①来日して、最も感動したことと不思議におもったこと

 日本に住み始めてから驚いたことや感動したしたことは沢山ある。本エッセイでは日本インフラと日本社会について不思議に思った私の考えを述べたいと思う。

 初めて外国の空港に着くと最初の印象は到着点の空港と町から受ける。私は初めて体験した街は大阪市の関西空港の近くだった。海が近く、非常に綺麗なところだった。道路が滑らかで、クラクションがなく、交通の運行がスムーズで運転手も歩行者が安心して移動できる交通整備が私の初回の印象だった。来日2日目の朝に窓から眺めてみれば海岸の方に形の面白い石があった。近くに行き、隣の人に尋ねてみたら「これはテトラポットと言って、大きい波を抑える物だ」と教えてもらった。海がないウズベキスタン出身の人に新しい発見だった。街を散歩していれば色んなところに自動販売機が配置しており、道路には自転車用の道路があり、公衆トイレも沢山あった。しかも、公衆トイレで無料で利用できるにも関わらず非常に綺麗で、清潔に保たれていることに驚いた。また、歩道に目に障害を持つ人のための点字ブロックがあり、電車は時間通りに走り、レストランのメニューは写真付きで、お店のサービスが最高だった。コンビニでも商品購入以外にも多様なサービスが提供されていることにも大変驚いたことがある。

 私が最初に日本に来たのは2016年の4月で、国際交流基金の2週間の日本語研修で来ていた。日本社会と本格的に関わり始めたのは2017年の10月に筑波大学に留学したときからだ。大学(学部)時代の4年間で日本人と一緒に授業を受けてきて面白いと思った点がいくつかある。一つ目はノートのとり方だ。ウズベキスタンではコンスペクトと言って、教科書の重要なところだけノートに書き写すことを示す言葉がある。しかし、ウズベキスタンではコンスペクトをする人は少ない。しかし、日本の多くの大学生はノートではなく紙を使用し、図のように授業の重要な内容を抽出して書く。そして、テスト期間前に、配布資料ではなく自分がとったノートを使って勉強する。人によってこの勉強法が合わないこともあるが、私自身は自分の言葉に変えてノートする時に覚えやすいので、この勉強法を日本人の同期に習った。二つ目は水分補給だ。大学生はみんな机の上に必ずお茶か水を置いている。ウズベキスタンでは水筒とかお水を授業中に飲む人をあまり見たことがないが、日本の気候が違うからみんなそうしているだろうと思った。

 日本社会を全体で言うと他の国と違う点が多くありますが、ここからは私が最も好きで、尊敬する点とよくわからない点を述べる。

 まず、私が日本で最も好きな点は日本人の誠実さと他人への敬意だ。私は宗教上の理由で食べられるものが限られている。レストランで注文する時に材料を確認することがよくある。店員に確認する時にいつもどういった材料と一緒に扱うのか、食べられないものと同じところで作っていないか、細かいところまで、丁寧に説明してくれるので、とてもありがたい。

 私が日本で最も好きな二つ目のことは日本人の他人の考え方や価値観に対する尊意だ。
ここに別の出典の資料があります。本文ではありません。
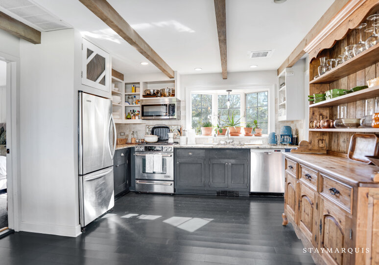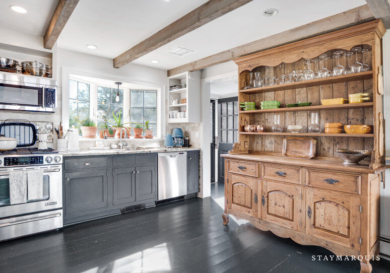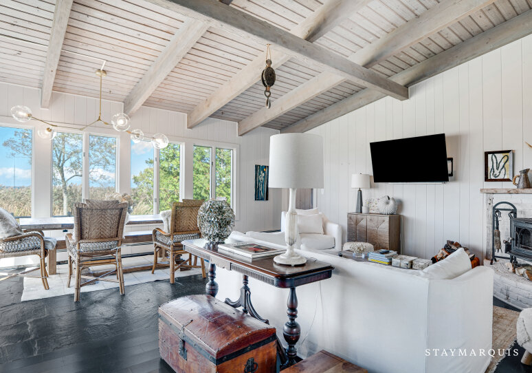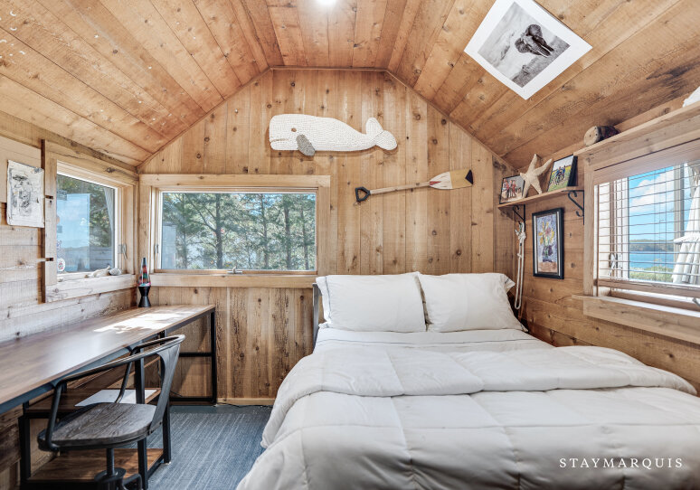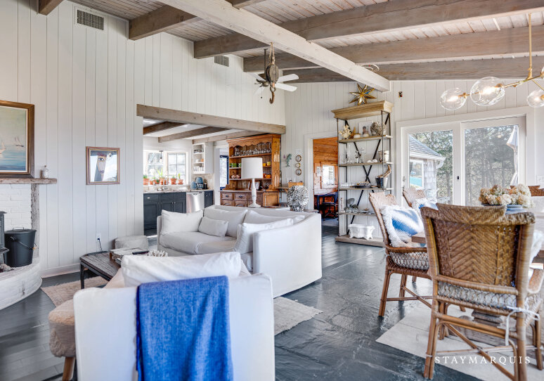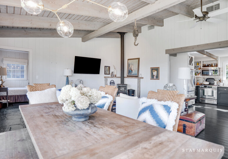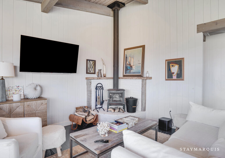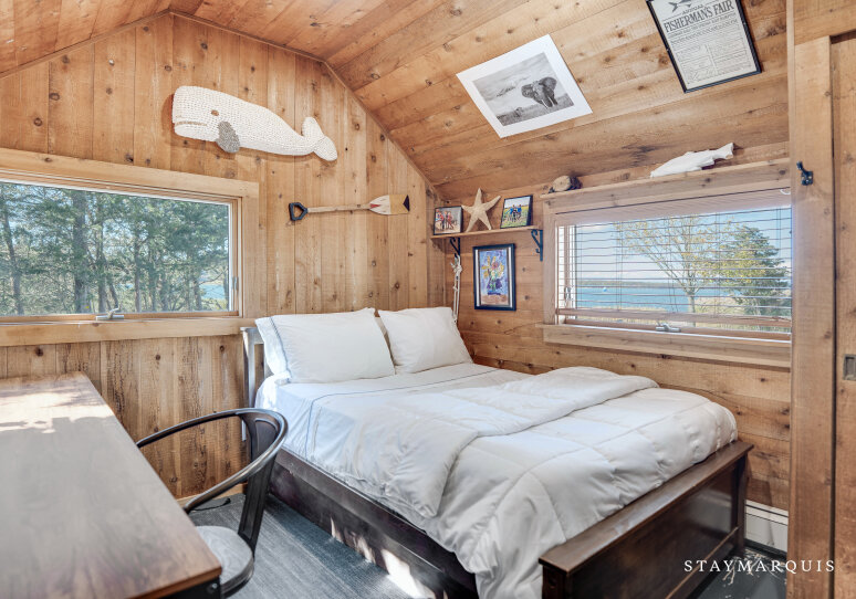 Inside, the home welcomes you with an open-floor plan designed for ease and elegance. A wall of windows spans the common areas, flooding the space with natural light and offering uninterrupted views of the harbor, making the interior and exterior one continuous experience. The wood-paneled walls and ceilings lend warmth and character; artfully curated furnishings and original artwork elevate the ambience beyond typical rental fare, giving a sense of a thoughtfully appointed home rather than a generic property. At the heart lies a chic wood-stove in the living room — perfect for cooler evenings when you’ll curl up with a book or open a bottle and toast marshmallows by the fire. The adjacent kitchen is fully equipped with premium appliances, complete arsenal of pots, pans and dishes, and everything you need to cook effortlessly — from casual grab-and-go breakfasts to gourmet seaside dinners. Off the main living area is a dedicated office space with desk and high-speed WiFi, so whether you’re responding to a quick email or simply planning tomorrow’s outing, this space works beautifully. Modern comforts abound: central AC, washer/dryer, and the thoughtful touches that let you stay connected and comfortable while fully immersed in coastal relaxation.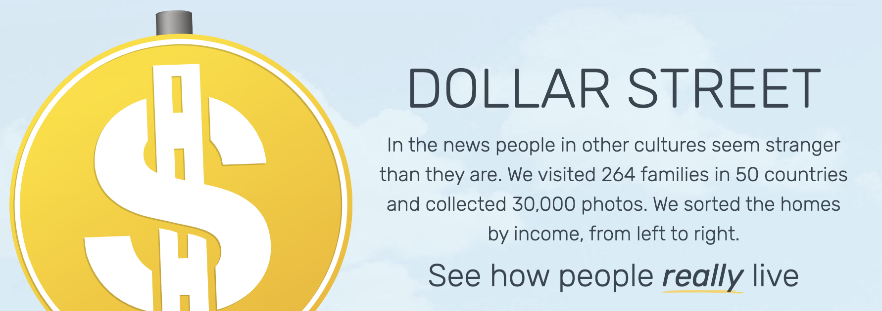 Data as art for connection at scale. I also just read an email from a colleague from Michigan State, Brittany Dillman. Dr. Dillman wrote to share a resource that made her think of this site because of the potential for teaching mathematics for social justice. The website: Dollar Street — photos as data to kill country stereotypes — greets you with this pop-up:
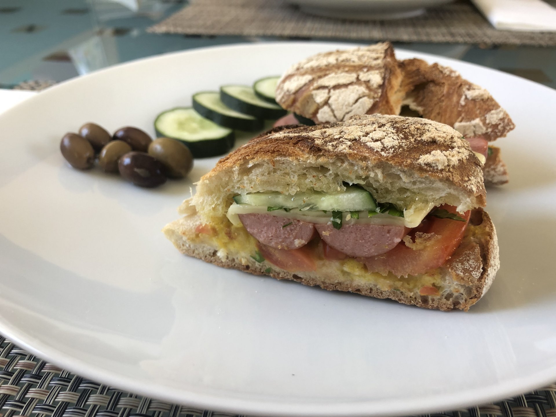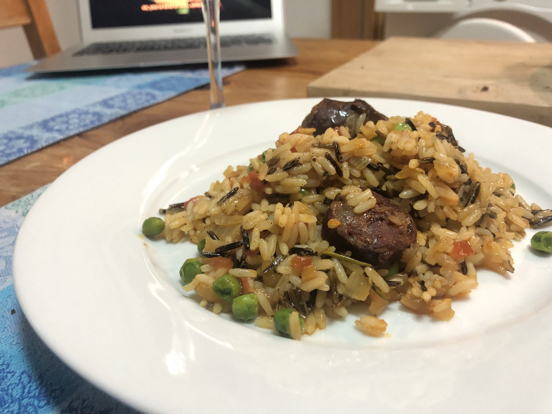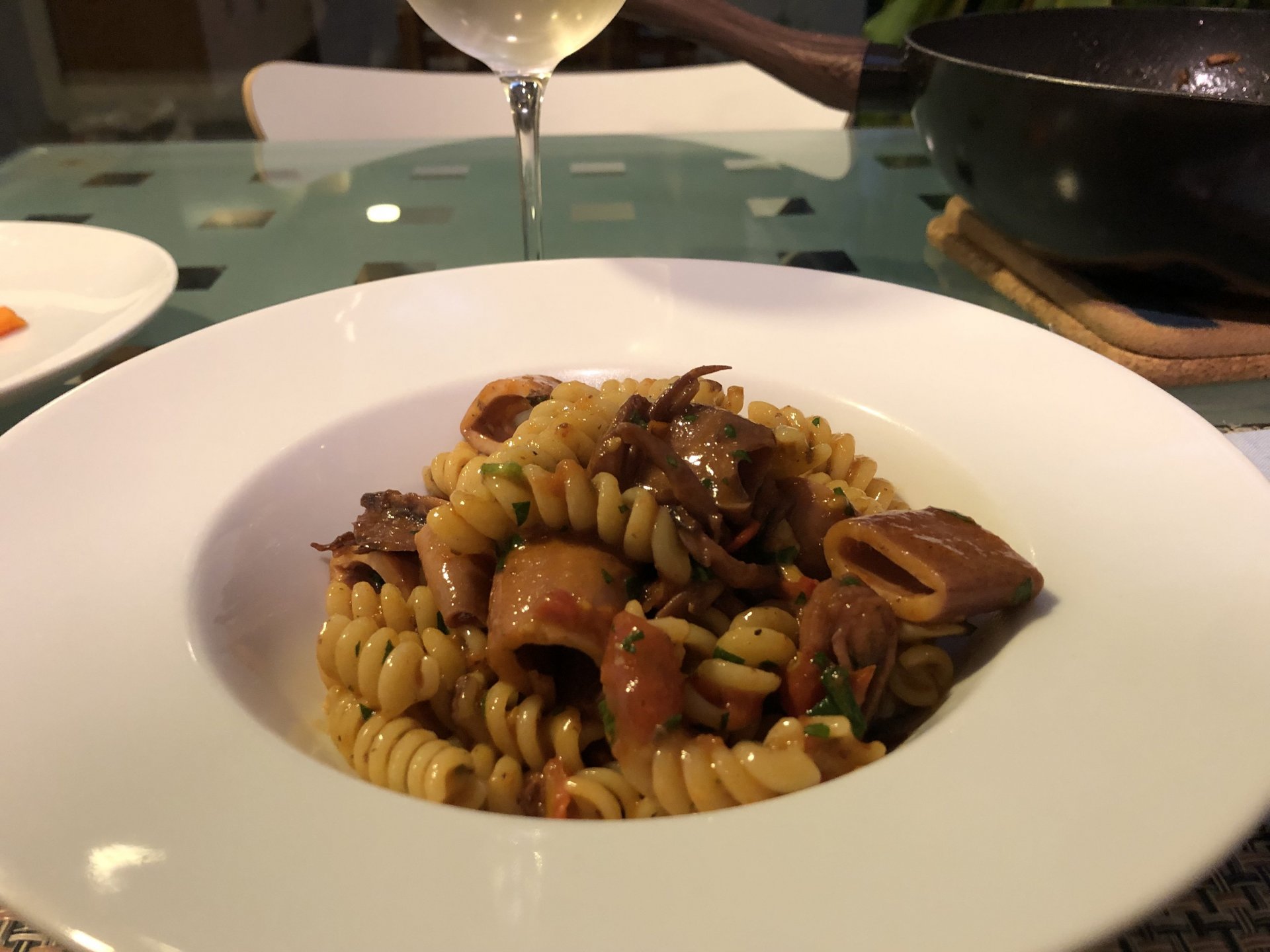 Warning, couple of meals in this post are about to offend certain sensitive personalities that are more of the cheeseburger persuasion. Quick 20 minute fresh cherry tomato pasta: Canned horse mackerel sandwich Leftover grilled camembert and tomato bruschetta Hotdogs, with caramelized onion relish Mum's leftover squid from the previous day, turned into pasta the day after Proper summer meal, the amazingly sweet pineapple was the star Grilled courgette sandwich, with canned fish. It's a great sandwich, with olives and capers. Pantry sandwich, whatever's at home and opened goes in Basil and mint pesto, it was pretty much perfect Perfecting my Broccoli pasta, it's getting there and probably my favourite thing to cook right now. Although it's a paella pan, let's not offend anyone and just call it rice Vegetarian dinner: grilled aubergines, sautéed mushrooms with garlic, and salad. A simple onion omelette Lea the Terrier, very interested in this pasta sauce as soon as the anchovies started falling apart. No pictures of the end result. Octopus "à Lagareiro", baked with olive oil and potatoes. I obviously didn't cook it, a very nice restaurant did. "Lagareiro" is the man that operates the traditional olive oil press, most "Lagareiro" dishes are oven baked with garlic and potatoes, and a healthy dose of extra virgin high quality olive oil. The pesto was this place's touch and it worked. Giulia is an italian lady I know, she runs a restaurant in Germany and most dishes always feature peas thrown in one way or the other. I remembered her for some reason and peas went into the pasta, the result was pretty great. Comfort food, peas with quality chorizo from the Alentejo black pigs. I put a few different spices like turmeric, a lot of cumin, smoked paprika, some herbs, the home grown egg gifted by my neighbour finished it off perfectly and was a touch of love.1 point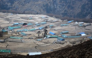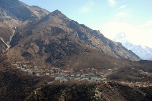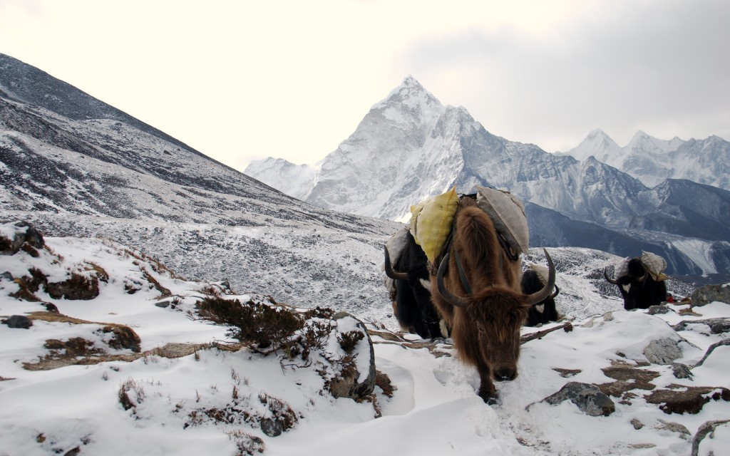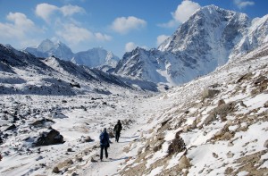 We walked down this new valley with its thawing creek and slowly melting snow, passing through the small village of Periche with its old stone buildings and majestic mountains all around it. This valley was dominated by the Cholatse and Taboche peaks to the west, both over 6,300 metres, and the massive Chola Glacier that flowed down the mountains almost to our feet. From there we climbed over the modest Periche Pass and then followed a high mountain trail which was mainly used by locals and their animals before reaching the village of Syomare. We stopped here for lunch, made memorable by having to clear our table when a string of heavily burdened dzos came romping through the grounds.

先日アルジェリアの友達が「指導教員に毎週の金曜日にお祈りに行かなければならないので、この時間に研究室にいないと伝えた。その時から先生がいつもお祈りの時間をリマインダしてくれる」と言うお話を私にしてくれた。私自身もこのような尊意を数多く受けてきた。そのアルジェリアの友達は30か国を回った人で、その中で日本は最も他人の価値観などを尊敬する国だと言った。

 私がよくわからないことはなぜ日本人はあまり挨拶をしないのと、英語力の低さの2つだ。主観かもしれないが、特に若者同士は挨拶していないように感じる。朝は「おはよう」と言うが、お昼になったら直接話しかけることが多い。電話する時も「こんにちは」ではなく「すみません」から会話を始める人が多いと思う。研究室では「お疲れ様です」や男同士では「おっす」と挨拶することはあるが、大人に向けて話しかける場合は挨拶する人が少ないように私が感じる。

 二つ目の英語力に関しては全く批判的な話をするつもりはないが、ただ先進国である日本ではなぜ英語が話せる人が少ないのかよくわからない。もちろん、英語は日本語の文法と違い発音も難しい。けれども、日本人でも英語が上手な人もいる。学校ではどう言う風に英語を学ぶかはわからないが、日本政府がもっと英語学習を促進すれば日本の発展にもつながるのではないかと私は考えている。


日本語を教えていた生徒と一緒に

日本語を教えていた生徒と一緒に


②奨学生期間中にできたこと・将来の計画

 この一年では卒業に必要な授業の単位を全て取得することができた。修士課程では授業は学部のときほど多くないので、少数の授業に集中してじっくり勉強することができた。今年履修したのはほとんど指導教員の授業で、農業経済学やデータの分析方法に関する内容が多かった。専門関連科目以外には英文論文の書き方と食料システム学とIntroduction to Sustainable Agriculture in Rural Areas と言う授業を履修した。全ての授業は面白かったが、最も役立つと思ったのは英文論文の書き方だった。論文を書く時に色々な決まり事がある、それに従わないと雑誌等が受け取らないことがある。その注意点などを教わることができてよかったと思う。また、Sustainable Agriculture in Rural Areasの授業でも色々な国の留学生がおり、お互いの国や国の農業について話す機会があり大変勉強になった。これで授業はひとまず安心で、これからは日本国内アクアポニックスの事業者に連携しながらアクアポニックスの研究にもっと力を注ぎたいと思う。

日本ウズベキスタン学長会談での通訳

日本ウズベキスタン学長会談での通訳


 学業の他にはJICAの国際協力講座や日本ウズベキスタン学長会談にも参加し、国際協力事業について学べたり、学長会談では通訳の面において経験を積むことができたと思う。しかし、私は長く日本におり、あまり母国語を使わないため母国語で上手に話せなくなってしまったことに気づいた。これを解消するためには毎日ウズベク語とロシア語で本を読み、週に一回ウズベキスタンの友達と読んだ本の内容をお互いに話し合うようにしている。

 春休みを有意義に過ごすために研究室で統計学の勉強会が開催された。統計学は経済学に限らず生物学、医学、情報学といった多くの学問で使われる重要な学問だ。私も研究調査・データ分析する時に統計学が必要になってくるのでこの春休み中にしっかりおさえておきたいと思う。

 また、3人の留学生に0から日本語を教え、この8か月で一冊の教科書を終えることができた。今彼らが日本語で日常的な会話ができるようになり、教師としてとても嬉しい。